For the 1st time in 4 years I am crying with joy.

I have a positive result, 2 lines, a beta of 157.

I want to shout it from the top of the mountains, but I won't.

My husband and I will be the only ones to know for the next 6 weeks.

Finally our turn has come. Praise God!

Sunday, April 19, 2009

Who are they to judge me!

Author: Anon.
Warning: Some strong language


We went to a braai on the weekend with so called friends. I hate being in a group now, I feel like crawling into a hole, and living for only me and my husband. I don't fit in anymore, my friends have kids, or are having kids. They all show this "concern" about our journey, but they don't know shit! They pretend to understand, to be sympathetic but they just don't care. I used to think they cared but now I know they don't. I overheard them whispering about me, about how me and my husband were just not meant to be together right from the begining. How this was quite obviously a sign that we are not meant to be together.
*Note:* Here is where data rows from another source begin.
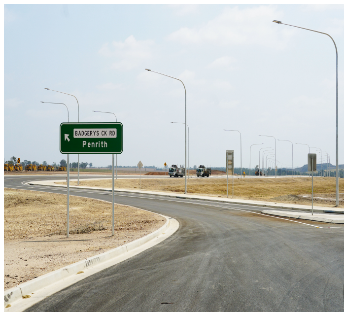
Badgerys Creek Road re-alignment and signage

Changed traffic conditions continue to be in place on Badgerys Creek Road and Elizabeth Drive. Please keep to the speed limits, follow the direction of traffic controllers and electronic signs and allow additional travel time. We thank motorists for their patience during this work.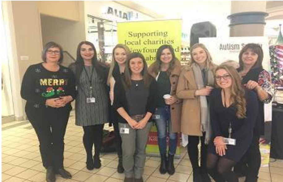
Husky employees answer phones at the VOCM Autism Society Radiothon – December 2017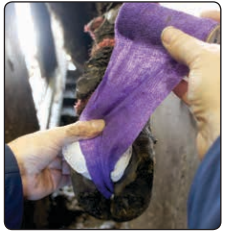
Wrap through front and backside.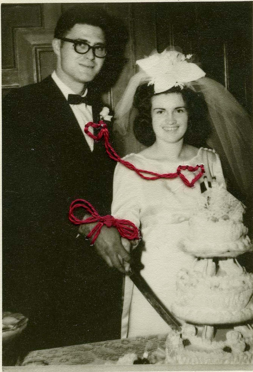
Figure 10: Tying The Knot (detail)

Fuck them! Who are they to judge. I know so many of them who's husbands are abusive, drinking arseholes, who would never stick with their wives if they had to go through this. I'm done with all this crap, I'm over their judgemental ways. I never wish bad on anyone, but I won't be going anywhere near them anymore. I don't need this shit in my life

Thursday, April 16, 2009

Demand

All day, every day, demand.
I have no time for me.
When did I lose the person I was?
Where did my individuality go?
At what point did I care more about everyone other than me.
How do I stop?
When do the pieces of me return?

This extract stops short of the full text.